|BOTANICAL ELECTRONIC NEWS|
|No. 468 June 6, email@example.com||Victoria, B.C.|
From its beginning in spring 1991 until March 2013, BEN had only one major malfunction: BEN # 13 [are you surprised?] posted on October 14, 1991 triggered a mail storm and all the subscribers received that issue more than 30 times. I was surprised that not too many people unsubscribed.
In April 2013, I made two blunders at once. On April 1st I posted a regular BEN instead of the traditional April Fools' Day issue and many subscribers considered it to be an excellent joke. I apologize to all the BEN subscribers and to all the BEN # 466 contributors for this mistake. I felt embarrassed when some readers congratulated me to my sole authorship of the whole BEN # CDLXVI. They grossly overestimated my IQ.

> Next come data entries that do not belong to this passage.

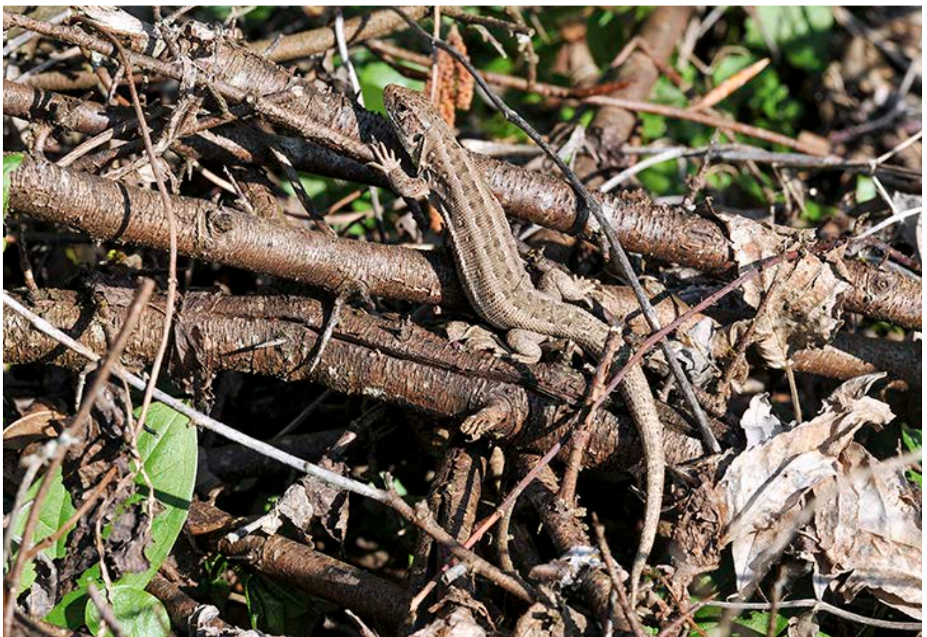
Weibliche Zauneidechse sonnt sich in einem Asthaufen

Einen ähnlich positiven Effekt wie die Anlage von Holzhaufen hat das Liegenlassen von nicht zu feinem Schnittgut aus Gehölzpflegemaßnahmen. Auch dieses verrottet und bietet einer Vielzahl von Tier- und Pflanzenarten einen Lebensraum, auch wenn bei dieser Maßnahme im Allgemeinen weniger strukturierte Sonderstandorte entstehen. Des Weiteren können ganze Bäume, die etwa im Zuge einer Auslichtung von Gehölzflächen entlang von Straßen entnommen werden, auf der Fläche verbleiben. Gleiches gilt für Einzelgehölze, die aufgrund verkehrssicherheitstechnischer Gründe gefällt werden mussten. Hier muss darauf geachtet werden, dass die Verkehrssicherheit nicht beeinträchtigt wird.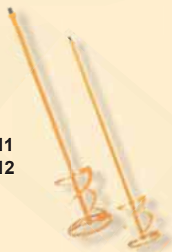
TKW 411 TKW 412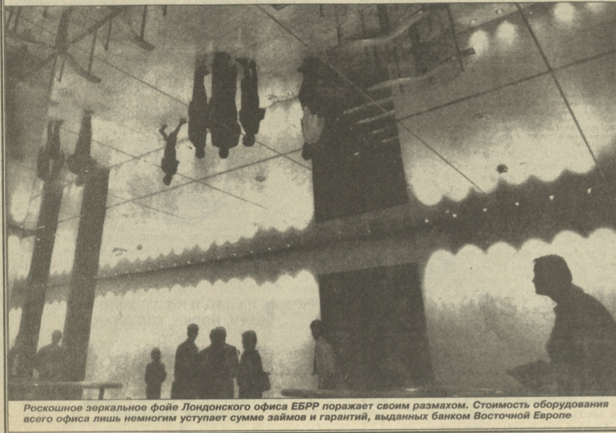
Роскошное зеркальное фойе Лондонского офиса ЕБРР поражает своим размахом. Стоимость оборудования всего офиса лишь немногим уступает сумме займов и гарантий, выданных банком Восточной Европе

На осуществление проектов в странах Восточной Европы реально предоставлено — 101 млн фунтов стерлингов ($165,64 млн) в виде кредитов. По статьям «непредвиденных расходов»: Всего — 200 млн фунтов стерлингов ($328 млн). В том числе: — отделка офиса ЕБРР: парадная зала первого этажа — 1 млн фунтов стерлингов ($1,64 млн) и ее художественное оформление — 250 тыс. фунтов ($390,6 тыс.); мрамор для облицовки лифтов — 750 тыс. фунтов стерлингов ($1,172 млн); — аренда самолета для Жака Аттали: в 1991 году — около 600 тыс. фунтов ($930 тыс.); в 1993 году было совершено около 18 поездок, каждая из которых стоила 22 тыс. фунтов стерлингов ($35 тыс.). Расходы на поездки президента составляют 8% транспортных расходов, предусмотренных проектом; — организация Рождественской вечеринки в лондонском Grosvenor House Hotel — 52 тыс. фунтов ($80,6 тыс.).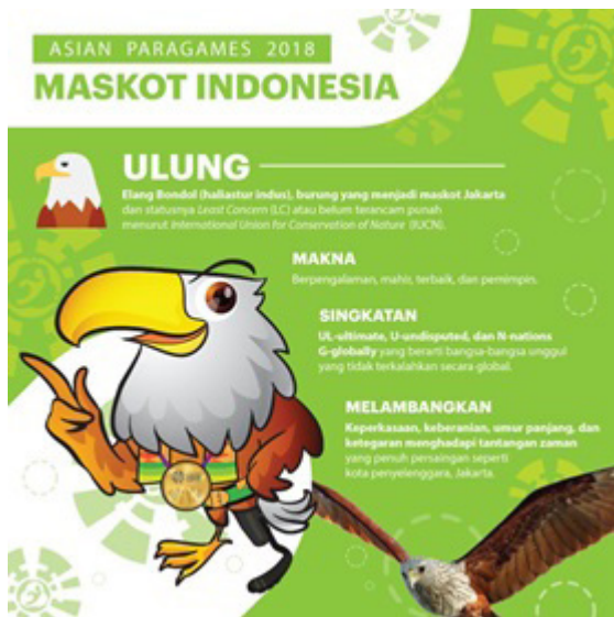
Gambar 1: Maskot awal APG 2018 ( http://wartakota.tribunnews.com/2018/09/05/ini-arti-nama-momo-maskot-asian-para-games-2018 )

tantangan zaman yang penuh persaingan seperti kota penyelenggara, yaitu Jakarta.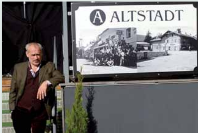
Die „Altstadt“ kann nicht nur für Filmdreharbeiten – hier im Bild der bekannte Schauspieler Johannes Krisch –, sondern auch Feiern jeglicher Art gebucht werden.

Anfang September öffnete mit dem „Altstadt“ ein lang ersehnter Wunsch der Liezener seine Pforten. Ein Lokal, in dem „man“ sich trifft und gemeinsam feiert, ob nach der Arbeit oder zu einer der vielen Veranstaltungen, die seit der Eröffnung schon organisiert wurden. Oktoberfest, Halloween Night, Junkerverkostung oder Heurigenwoche sind nur ein paar Auszüge des umfangreichen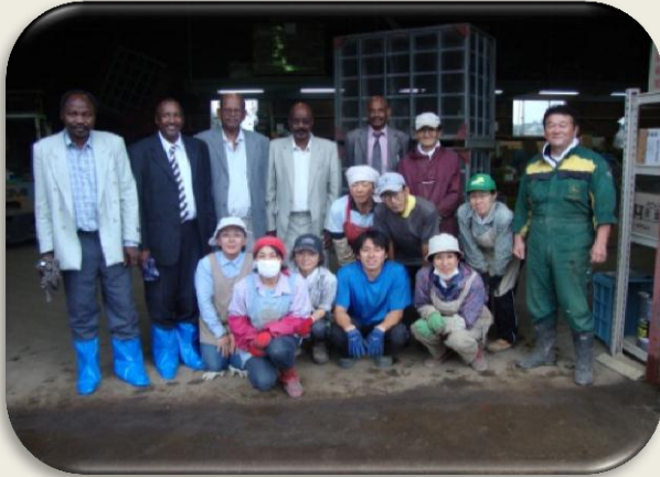
فريق وزارة الزراعة لولاية كسلا والخبراء اليابانيين

تعلمن الكثير من كورس التحسين المستمر الذي تم قيامه بدولة اليابان الكيزن يجعل العاملين يفكرو دائما ويقدمو المقترحات ولا بد من الإدراك بان دائما هناك مشاكل بالعمل ولاكن لا بد من حلها لتجد نفسك قد انجزت شيئا رائعا وان هذه الحيا زات قيمة بالنسبة لك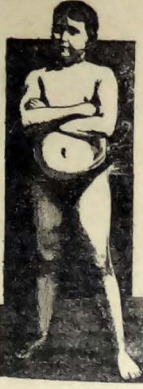
EDAD 11 AÑOS

La transformación, maravillosa de un sér enérjico y raquítico en un adolescente fuerte, robusto y sano, como lo demuestra su atlética figura, fué obra realizada por la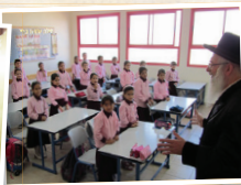
מוסדות חינוך לבנות

Finally, on April 30, I overlooked that I sent my communication with Prof. Art Kruckeberg to the whole BEN mailing list. Art included the BEN-L mailing address into the cc: addresses and my "Reply to All" worked, as it should. This blunder had a positive aspect as well. I learned about an article that summarized Macoun's contribution to mycology and found several old BEN contributors from whom I have not heard for a long time. I apologize to all other BEN subscribers who might have been confused by that posting.
That was not the end. BEN server moved and BEN distribution list stayed behind. My BEN # 468 dated May 30, 2013, could not be posted until on the D-Day.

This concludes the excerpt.